> What you are asked to do: Everything in the listing that follows should be reproduced exactly except the pictures.
━━━━━━━━━━━━━━━━
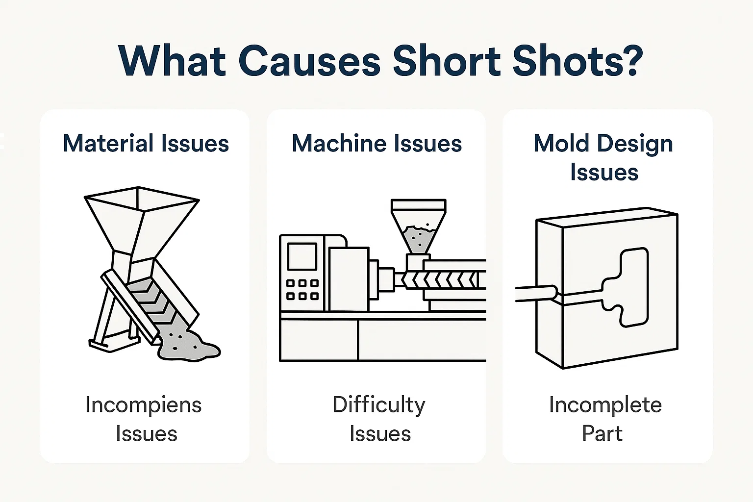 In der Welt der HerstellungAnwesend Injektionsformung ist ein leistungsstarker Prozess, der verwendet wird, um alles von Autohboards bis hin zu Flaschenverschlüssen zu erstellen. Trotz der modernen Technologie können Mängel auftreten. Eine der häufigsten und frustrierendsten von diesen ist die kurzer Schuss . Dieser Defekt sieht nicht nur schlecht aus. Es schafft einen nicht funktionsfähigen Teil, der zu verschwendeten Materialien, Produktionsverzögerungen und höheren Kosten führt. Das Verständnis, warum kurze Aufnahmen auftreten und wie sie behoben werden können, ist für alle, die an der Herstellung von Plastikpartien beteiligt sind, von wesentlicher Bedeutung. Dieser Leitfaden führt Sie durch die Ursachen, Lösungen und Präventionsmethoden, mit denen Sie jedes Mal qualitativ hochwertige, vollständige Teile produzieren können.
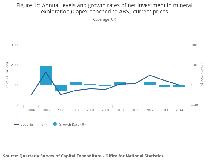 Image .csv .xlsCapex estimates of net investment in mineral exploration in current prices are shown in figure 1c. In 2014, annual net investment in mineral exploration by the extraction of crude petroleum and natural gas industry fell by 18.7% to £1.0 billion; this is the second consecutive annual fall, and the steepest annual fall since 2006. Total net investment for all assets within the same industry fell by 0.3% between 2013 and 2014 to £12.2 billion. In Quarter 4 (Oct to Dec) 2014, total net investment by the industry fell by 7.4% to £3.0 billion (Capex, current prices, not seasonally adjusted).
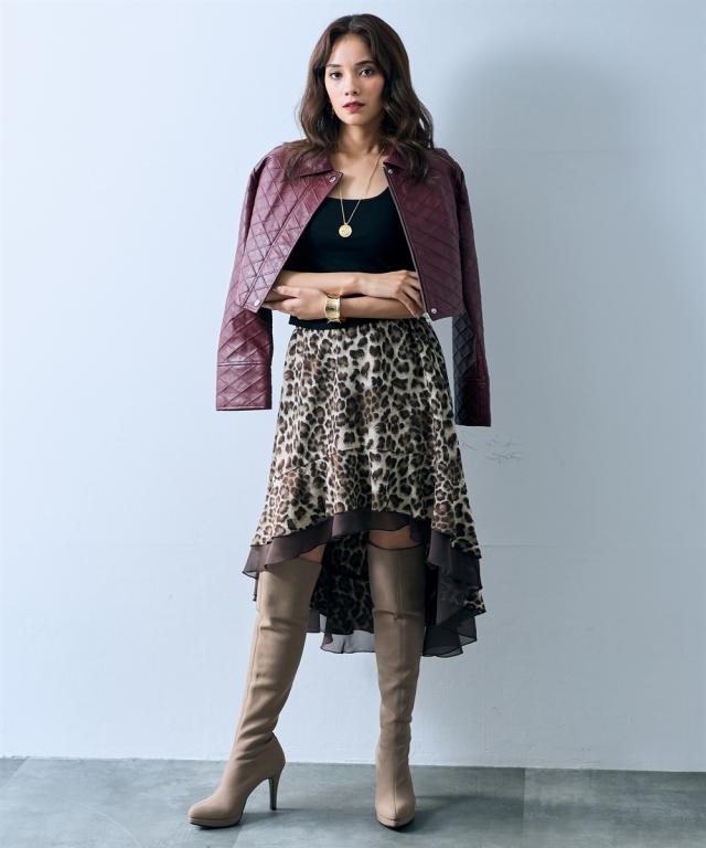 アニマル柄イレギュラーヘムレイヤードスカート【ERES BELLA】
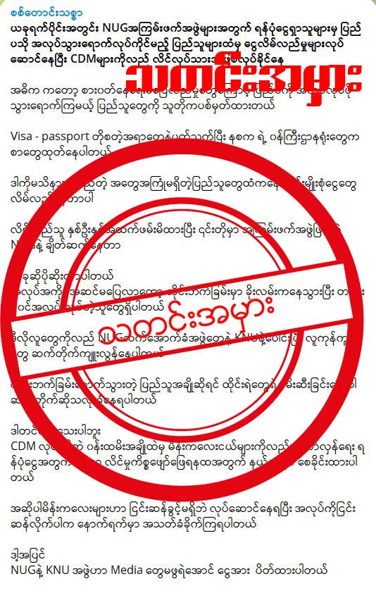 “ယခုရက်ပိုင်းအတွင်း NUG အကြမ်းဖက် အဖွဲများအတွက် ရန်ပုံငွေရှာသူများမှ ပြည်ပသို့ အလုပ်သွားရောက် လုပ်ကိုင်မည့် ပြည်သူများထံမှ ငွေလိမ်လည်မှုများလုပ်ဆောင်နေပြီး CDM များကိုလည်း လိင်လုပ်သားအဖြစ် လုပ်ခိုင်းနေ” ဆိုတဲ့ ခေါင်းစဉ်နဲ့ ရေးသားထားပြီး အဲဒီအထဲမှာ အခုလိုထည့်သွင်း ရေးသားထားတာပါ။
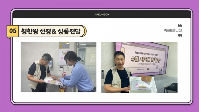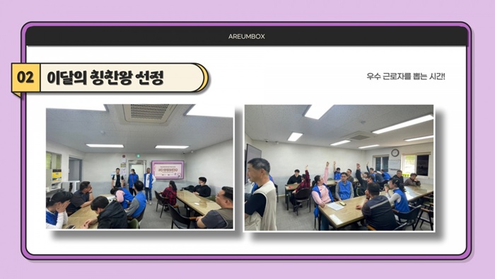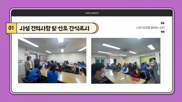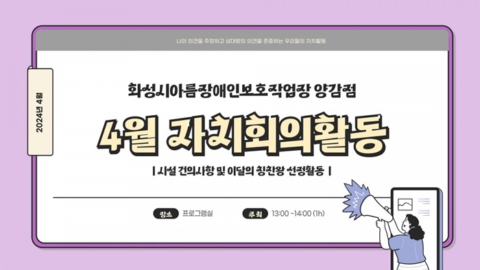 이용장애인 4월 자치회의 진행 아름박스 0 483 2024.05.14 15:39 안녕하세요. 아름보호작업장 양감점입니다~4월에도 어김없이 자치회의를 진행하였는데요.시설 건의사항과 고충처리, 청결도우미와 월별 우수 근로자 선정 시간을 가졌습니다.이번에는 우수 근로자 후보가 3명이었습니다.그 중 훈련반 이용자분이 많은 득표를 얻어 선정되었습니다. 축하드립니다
━━━━━━━━━━━━━━━━
> Exercise solution:
 In der Welt der HerstellungAnwesend Injektionsformung ist ein leistungsstarker Prozess, der verwendet wird, um alles von Autohboards bis hin zu Flaschenverschlüssen zu erstellen. Trotz der modernen Technologie können Mängel auftreten. Eine der häufigsten und frustrierendsten von diesen ist die kurzer Schuss . Dieser Defekt sieht nicht nur schlecht aus. Es schafft einen nicht funktionsfähigen Teil, der zu verschwendeten Materialien, Produktionsverzögerungen und höheren Kosten führt. Das Verständnis, warum kurze Aufnahmen auftreten und wie sie behoben werden können, ist für alle, die an der Herstellung von Plastikpartien beteiligt sind, von wesentlicher Bedeutung. Dieser Leitfaden führt Sie durch die Ursachen, Lösungen und Präventionsmethoden, mit denen Sie jedes Mal qualitativ hochwertige, vollständige Teile produzieren können.
 Image .csv .xlsCapex estimates of net investment in mineral exploration in current prices are shown in figure 1c. In 2014, annual net investment in mineral exploration by the extraction of crude petroleum and natural gas industry fell by 18.7% to £1.0 billion; this is the second consecutive annual fall, and the steepest annual fall since 2006. Total net investment for all assets within the same industry fell by 0.3% between 2013 and 2014 to £12.2 billion. In Quarter 4 (Oct to Dec) 2014, total net investment by the industry fell by 7.4% to £3.0 billion (Capex, current prices, not seasonally adjusted).
 アニマル柄イレギュラーヘムレイヤードスカート【ERES BELLA】
 “ယခုရက်ပိုင်းအတွင်း NUG အကြမ်းဖက် အဖွဲများအတွက် ရန်ပုံငွေရှာသူများမှ ပြည်ပသို့ အလုပ်သွားရောက် လုပ်ကိုင်မည့် ပြည်သူများထံမှ ငွေလိမ်လည်မှုများလုပ်ဆောင်နေပြီး CDM များကိုလည်း လိင်လုပ်သားအဖြစ် လုပ်ခိုင်းနေ” ဆိုတဲ့ ခေါင်းစဉ်နဲ့ ရေးသားထားပြီး အဲဒီအထဲမှာ အခုလိုထည့်သွင်း ရေးသားထားတာပါ။
 이용장애인 4월 자치회의 진행 아름박스 0 483 2024.05.14 15:39 안녕하세요. 아름보호작업장 양감점입니다~4월에도 어김없이 자치회의를 진행하였는데요.시설 건의사항과 고충처리, 청결도우미와 월별 우수 근로자 선정 시간을 가졌습니다.이번에는 우수 근로자 후보가 3명이었습니다.그 중 훈련반 이용자분이 많은 득표를 얻어 선정되었습니다. 축하드립니다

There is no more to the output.